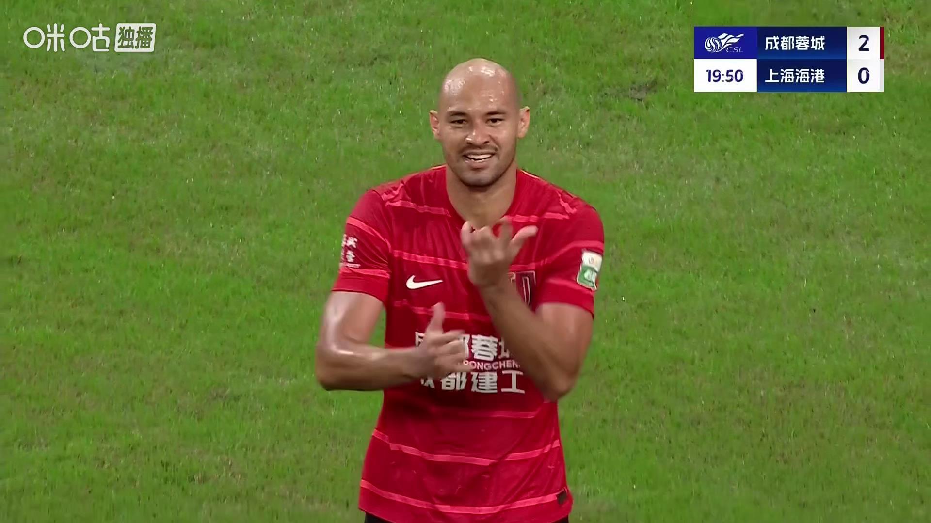 破僵的成都蓉城一发不可收拾,尽管第18分钟罗慕洛的进球因越位在先被吹,但仅1分钟之后,上港防线便再次犯错,王燊超禁区冒顶,古尔芬克尔抢下球权后传中,费利佩后点包抄推射空门得手,成都蓉城将比分扩大为2-0。
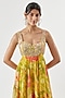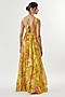 Featuring a yellow sleeveless gown in organza base with floral print and embroidery. Style it with metallic heels and statement earrings for an effortlessly glam look.
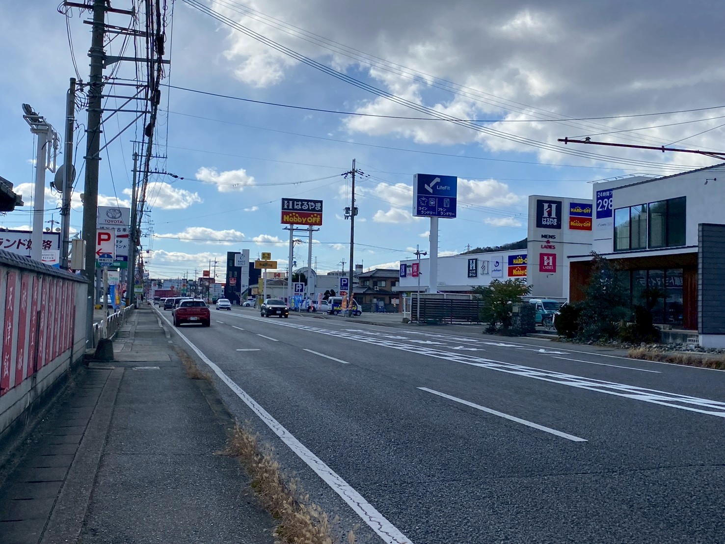 312号線沿い、はるやま姫路北店やハードオフ・ホビーオフ姫路砥堀店の看板が見えます。
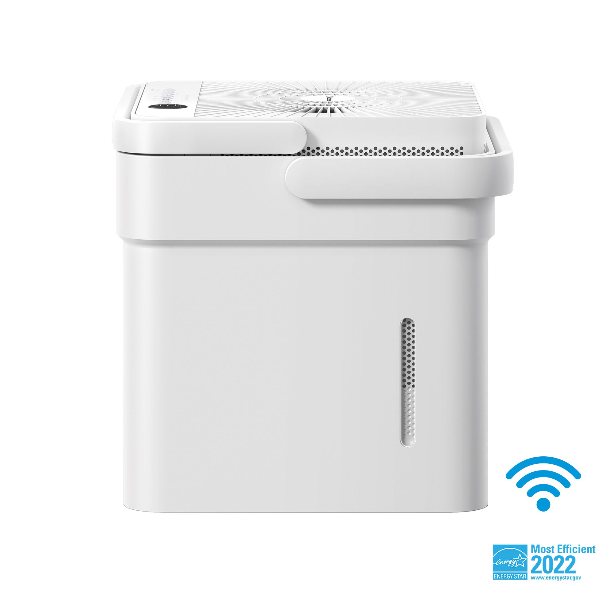 The Midea Cube 50-Pint Dehumidifier with Smart Wi-Fi is for up to 4500 sq. ft. compact size for home, basements, medium-sized rooms, and bathrooms. This air conditioner works with Alexa (White). It is rated Energy Star's Most Efficient 2021.
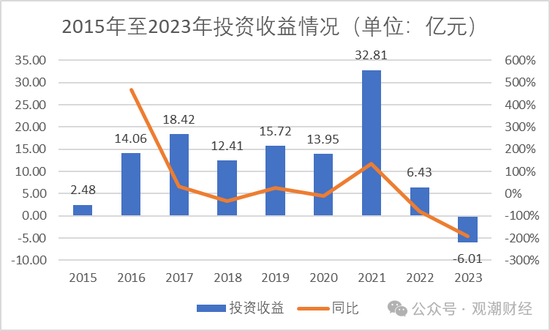 从投资端来看,该险企投资收益基本在15亿上下,仅在2021年出现高达32.81亿元的峰值。随后两年连续下滑,2023年投资亏损6.01亿元。
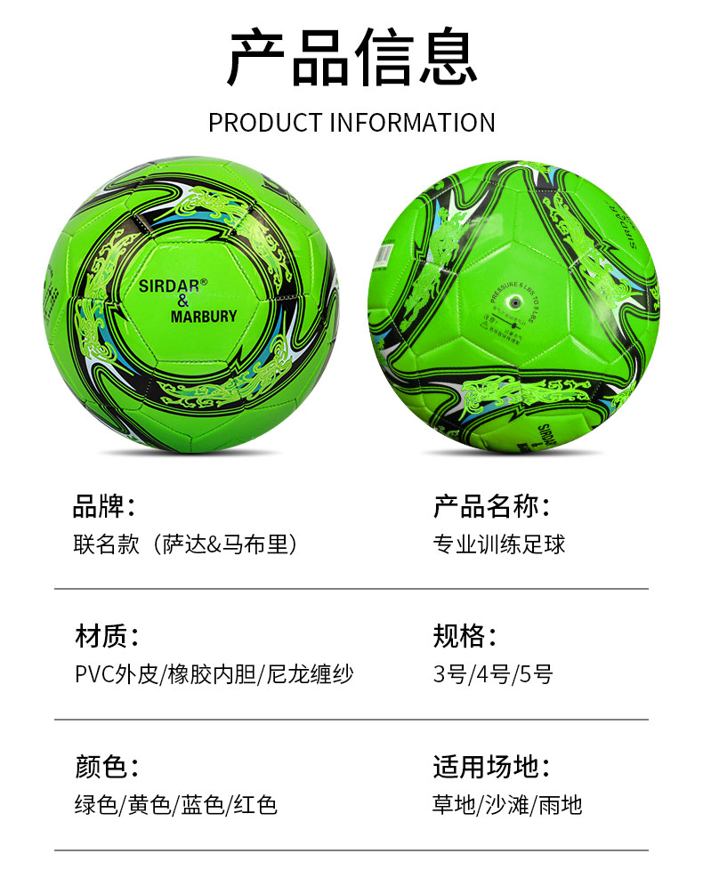 正品儿童足球新款绿色4号5号小学生初中生中考专业训练比赛专用球
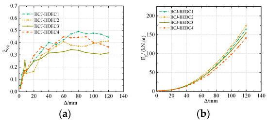 To further investigate the influence of different parameters on the mechanical behavior of the beam–column joint with the BEDC, a parametric study was conducted. The performance including the load–displacement curve, the accumulative energy dissipation, and the equivalent damping ratio is discussed.
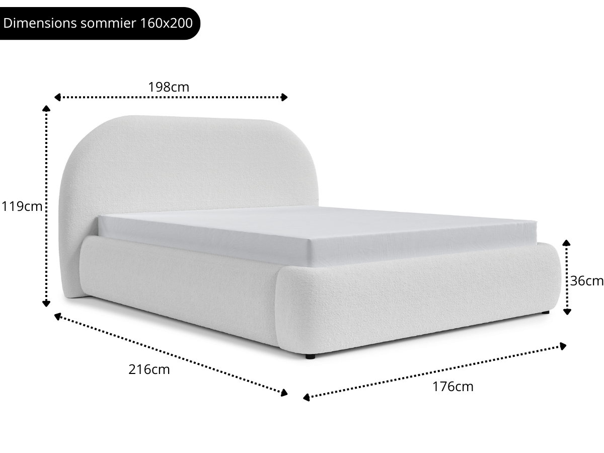 Disponible en velours ou en tissu boucle, il s'adapte à tout style de chambre. Les options de taille, 160x200 et 180x200, offrent une flexibilité pour répondre aux besoins d'espace et de confort de chacun, rendant ce lit à la fois pratique et esthétiquement attrayant.

# [TASK STATEMENT]
Print the line above containing "从投资端来看,该险企投资收益", the line containing "To further investigate", and everything between them, exactly as written. Pictures stay out.

# [EXERCISE RESULT]
 从投资端来看,该险企投资收益基本在15亿上下,仅在2021年出现高达32.81亿元的峰值。随后两年连续下滑,2023年投资亏损6.01亿元。
 正品儿童足球新款绿色4号5号小学生初中生中考专业训练比赛专用球
 To further investigate the influence of different parameters on the mechanical behavior of the beam–column joint with the BEDC, a parametric study was conducted. The performance including the load–displacement curve, the accumulative energy dissipation, and the equivalent damping ratio is discussed.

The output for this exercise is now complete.